Strike Three!: Evangelicals, Vaccines, and Science Denialism

I say, three strikes and you're out.

Evangelicalism's quarrel with science started with evolution, going way back to the Scopes Monkey Trial. That might be "Strike One!" but, truly, I have some sympathy here. I can understand why a conservative evangelical Christian would struggle with evolution. You really do have to do a deep and radical rethink in how your approach Scripture to bring Genesis into conversation with Charles Darwin.

Then came climate change. "Strike Two!" many would say. And yet, the science here is so correlational you can see how people could gravitate toward scientific voices that confirmed their felt convictions.

Still, the massive amount of climate change denialism among evangelicals seems really fishy. Why is this view so widely held among evangelicals? Unlike evolution, no literal reading of the Bible is getting in the way of looking objectively at the climate science. Statistically speaking, then, we should expect views on climate change among evangelicals to mirror those in the general population. But that's not what we find. So clearly something sociological is going on in this community, some epistemic bias that is causing them to look at the science in a peculiar way.

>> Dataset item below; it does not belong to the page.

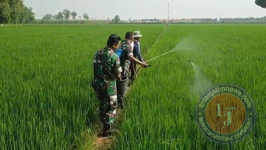 Cegah Hama Tanaman, Babinsa Bantu Semprot Padi Petani
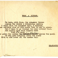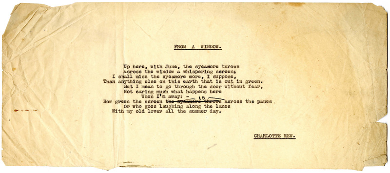 - Charlotte Mew's undated typed manuscript of poem "From a Window" corrected by Mew in ink.

But still, if one was being generous, you could see, given the complexity and controversies of climate science, how people could have a hard time, on their own, locating trusted scientific voices amidst the cacophony of social media.

But then came vaccines for COVID-19. 

As a group, evangelicals tend to be COVID-19 anti-vaxxers. To say nothing about wearing masks.

I really think this has to be "Strike Three!" 

Seriously, I know an evangelical can jump into the comments to debate evolution, climate change, or vaccines. Fine. But those siloed debates are missing what is now a clear pattern: Evangelicals are science-denialists. Again, I don't mind a close debate about any of these particular issues. What I'm pointing to is how this particular community is demonstrating a clear and consistent epistemic bias against science. Issue after issue, it's pretty predictable where this group is going to land. 

What's the source of the bias?

I know atheists might disagree, but I don't think it's the Bible or faith. Yes, a Biblical literalism is in play with evolution. That's true. But as I noted above, there's nothing in the Bible or the Christian creeds getting in the way of looking objectively at climate change. And the same goes for getting in line for a vaccine. 

So the bias has to be coming, and this is really no surprise, from partisan politics, the conflation of evangelicalism with the Republican Party. And to me, that is both sad and hopeful. Sad, as I wish that conflation of faith and politics didn't exist. One shouldn't be storming the Capital in the name of Jesus. But also hopeful in that, should any given evangelical be able to swim their way clear of the partisan riptide, they will find that Jesus is happy for you to get a shot.